Reject empty, ".", and ".." bin names after scope stripping.
Backport of pnpm/pnpm#12289 to v10.
* fix: block untrusted request destination env expansion
Makes environment expansion trust-aware for registry/auth config and
request destinations:
- Stops project and workspace .npmrc files from expanding ${...}
placeholders in registry/proxy request destinations, URL-scoped keys,
and registry credential values.
- Stops repository-controlled pnpm-workspace.yaml from expanding
${...} placeholders in the registry setting.
- Preserves env expansion for trusted user/global/CLI/env config so
existing token and registry setup flows continue to work.

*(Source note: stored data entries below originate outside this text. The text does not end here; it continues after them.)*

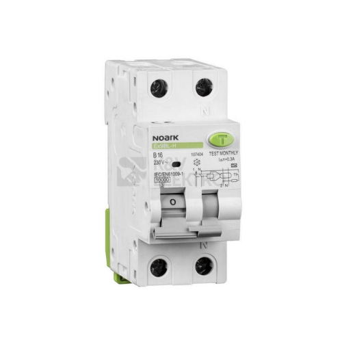 Disjunctor diferențial Ex9BL-H 1P+N B16 A 30mA pentru protecție împotriva supracurentului și curenților de defect.
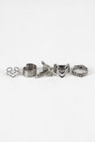 This set of five rings features a rising bird, geometric stack, chevron cutouts, and ribbed curved band designs in glossy enamel. Bands are not adjustable.
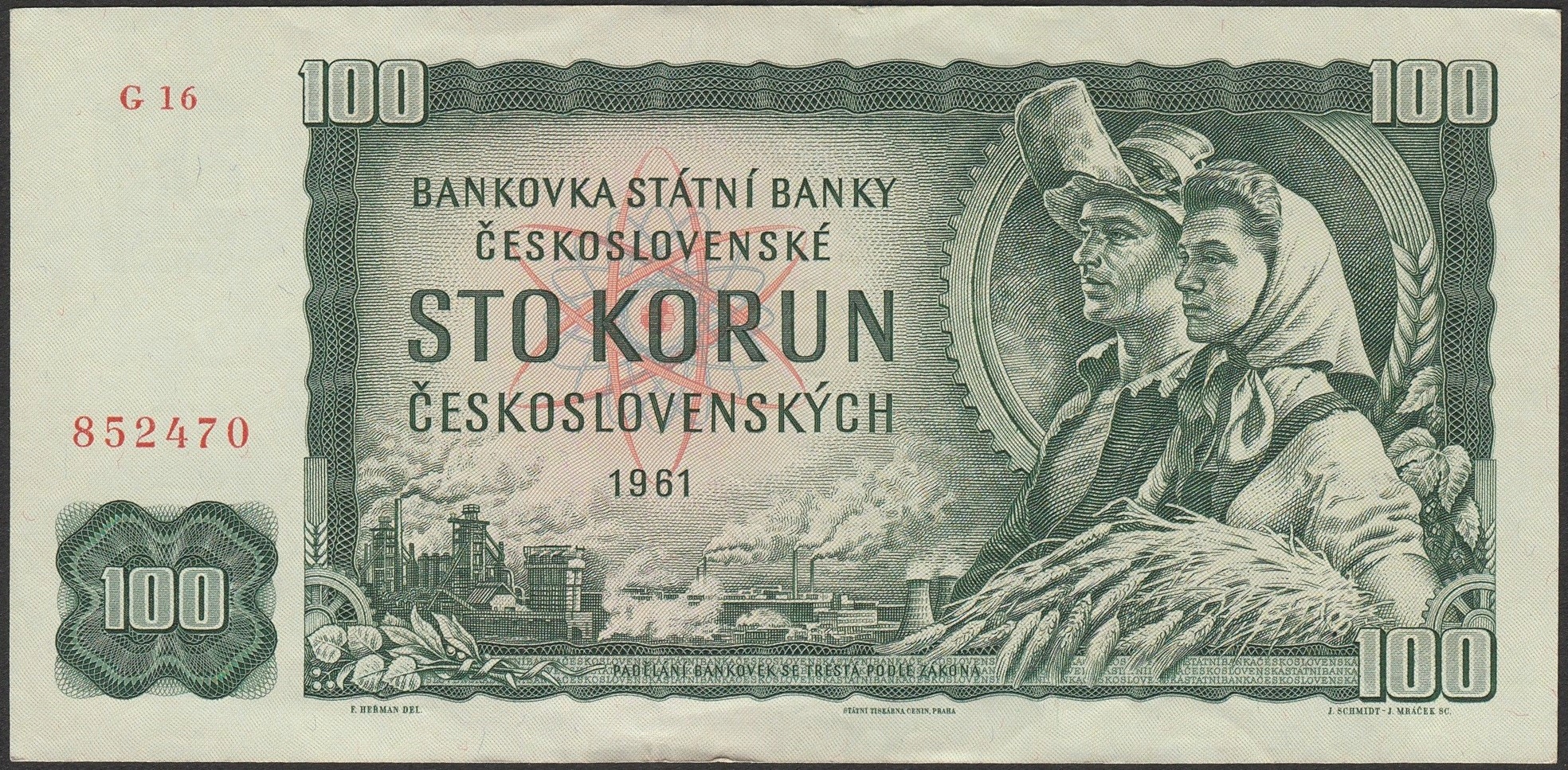 Czechosłowacja 100 koron 1961 - G61 - stan 2
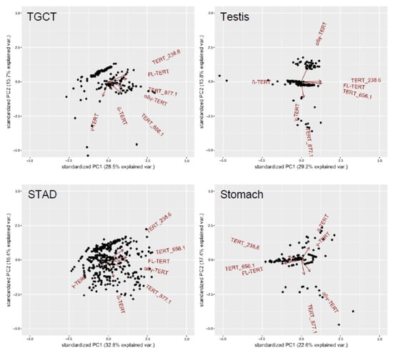 Expression relationships between TERT isoforms differ between tissue types and when in the neoplastic state. PCA biplots for testicular germ cell tumours (TGCT), stomach adenocarcinoma (STAD), and their respective matched normal tissues are shown as examples. Plotted using the first two principal components and show the loading vectors (arrows) of each TERT isoform variable expressed. The arrow length approximates the variance of the variable. The angle between arrows approximates the correlations between variables. Such that parallel arrows in the same direction have positive correlations, perpendicular arrows have no/weak correlations, and parallel arrows in the opposite direction have negative correlations.
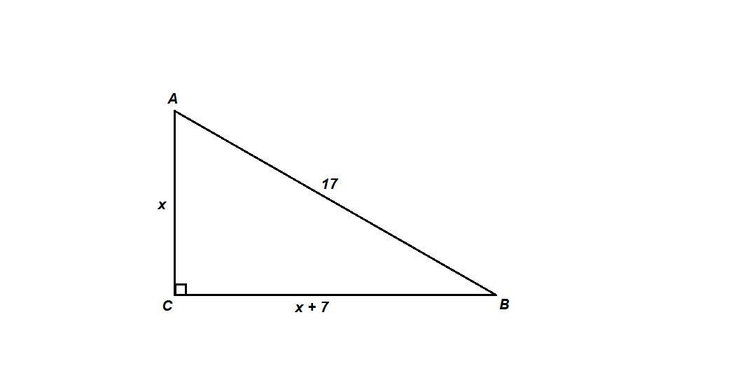 Найти катеты прямоугольного треугольника если один из них на 7 см меньше другого а гипотенуза равна 17
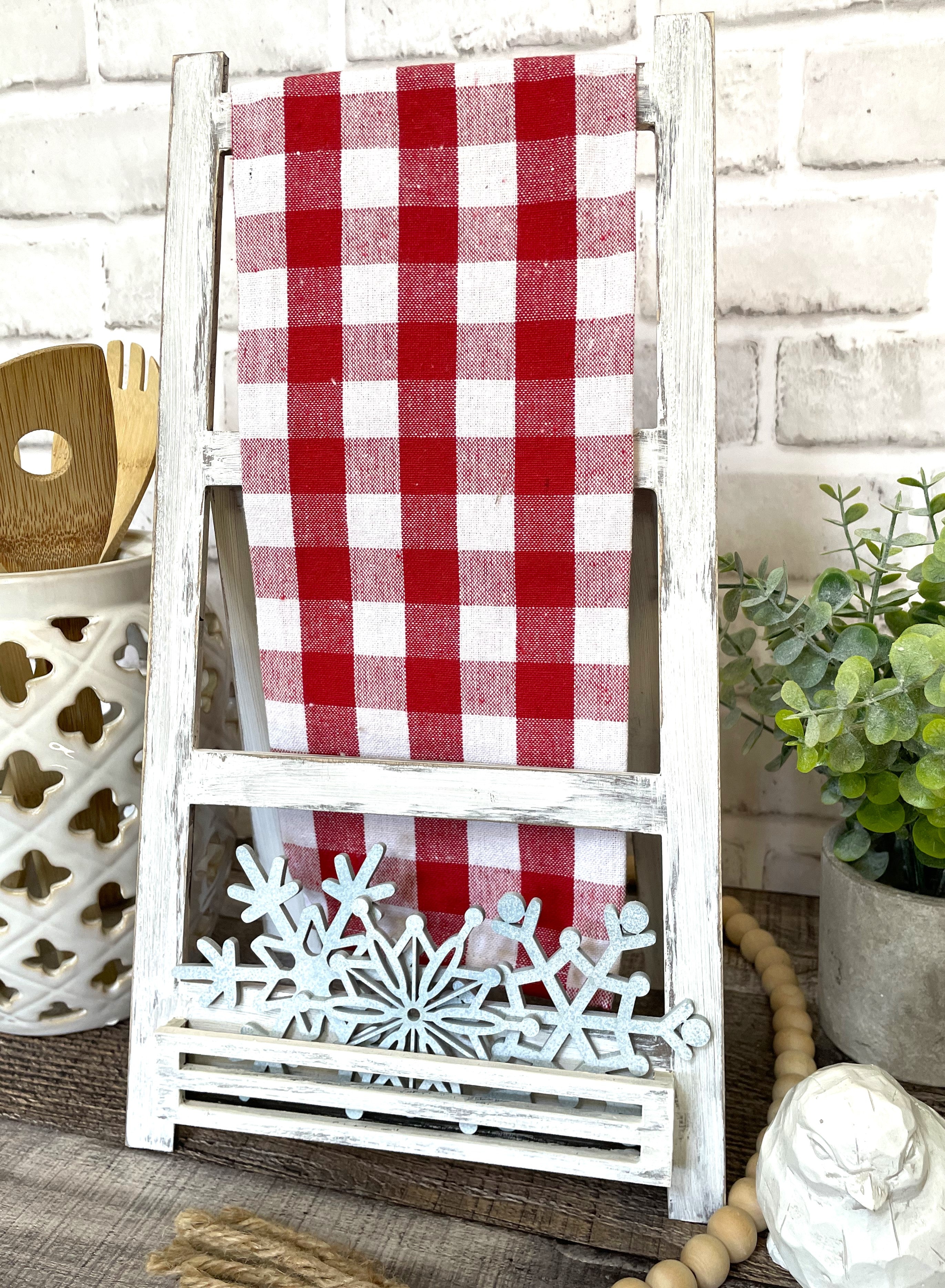 Wooden Tea Towel Stand perfect for displaying Tea Towels as well as Holiday Decor. Inserts are sold separately. Size is approximately 15.25" x 8.50".

Backport of pnpm/pnpm#12291 (CAND-PNPM-122 / GHSA-3qhv-2rgh-x77r) to v10.
* fix(security): verify npm registry signature before spawning a package-manager binary
The packageManager field (and pnpm self-update) makes pnpm download and
run a specific pnpm version. The staged install's bytes were trusted
based on lockfile integrity alone, which proves nothing when the inputs
are repository-controlled.
pnpm now verifies the npm registry signature of the engine it is about
to spawn, over the installed integrity, against npm's public signing
keys embedded in the pnpm CLI (exactly as corepack does):
- verifyPnpmEngineIdentity() checks pnpm/@pnpm/exe and the materialized
platform binaries of the staged install before it is linked into the
tools directory.
- Fails closed: any verification failure, including an unreachable
registry, refuses the version switch rather than running an unverified
binary. Runs only on a tools-directory cache miss (an actual
download).
- The embedded keys live in a generated file kept in sync with npm's
keys endpoint by scripts/update-npm-signing-keys.mjs; the release
workflow runs the check as a gate so a key rotation cannot silently
break verification.
Backport of pnpm/pnpm#12292 (CAND-PNPM-097) to v10.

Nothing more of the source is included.